For more complex HTML none of the above solutions worked quite right; I was able to successfully do the conversion while preserving line breaks with:

Document document = Jsoup.parse(myHtml);
String text = new HtmlToPlainText().getPlainText(document);

(version 1.10.3)

answered Sep 21 '17 at 12:49

Andy Res

15,963
5
60
96

Yes this does a good job. – Mustafa Apr 27 '22 at 04:21

popcorny · Answer 7 · 2013-08-01T11:31:48.913

You can traverse a given element

public String convertNodeToText(Element element)
{
    final StringBuilder buffer = new StringBuilder();

    new NodeTraversor(new NodeVisitor() {
        boolean isNewline = true;

        @Override
        public void head(Node node, int depth) {
            if (node instanceof TextNode) {
                TextNode textNode = (TextNode) node;
                String text = textNode.text().replace('\u00A0', ' ').trim();                    
                if(!text.isEmpty())
                {                        
                    buffer.append(text);
                    isNewline = false;
                }
            } else if (node instanceof Element) {
                Element element = (Element) node;
                if (!isNewline)
                {
                    if((element.isBlock() || element.tagName().equals("br")))
                    {
                        buffer.append("\n");
                        isNewline = true;
                    }
                }
            }                
        }

        @Override
        public void tail(Node node, int depth) {                
        }                        
    }).traverse(element);        

    return buffer.toString();               
}

And for your code

String result = convertNodeToText(JSoup.parse(html))

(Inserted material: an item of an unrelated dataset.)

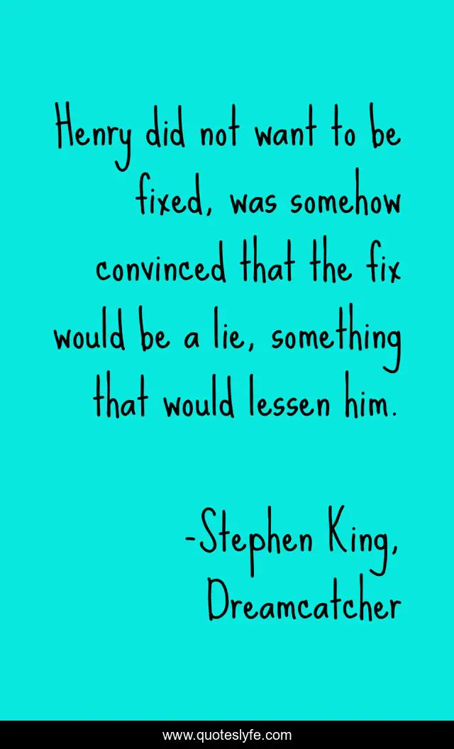 This page presents the quote "Henry did not want to be fixed, was somehow convinced that the fix would be a lie, something that would lessen him.". Author of this quote is Stephen King, Dreamcatcher. .
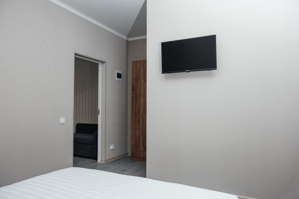 В номере вас будет ждать телевизор. Оснащение зависит от выбранной категории номера.

I think you should test if `isBlock` in `tail(node, depth)` instead, and append `\n` when leaving the block rather than when entering it? I'm doing that (i.e. using `tail`) and that works fine. However if I use `head` like you do, then this: `
line one
line two` ends up as a single line. — KajMagnus, Jul 22 '15 at 06:00
`new NodeTraversor(nodeVisitor).traverse(element);` no longer works on newer Jsoup versions (currently 1.14.3). Now all `traverse` methods in NodeTraversor are `static` so should be called like `NodeTraversor.traverse(nodeVisitor, element);`. — Pshemo, Jan 06 '22 at 14:05

score 5 · Answer 8 · edited May 23 '17 at 12:18

Based on the other answers and the comments on this question it seems that most people coming here are really looking for a general solution that will provide a nicely formatted plain text representation of an HTML document. I know I was.

Fortunately JSoup already provide a pretty comprehensive example of how to achieve this: HtmlToPlainText.java

The example FormattingVisitor can easily be tweaked to your preference and deals with most block elements and line wrapping.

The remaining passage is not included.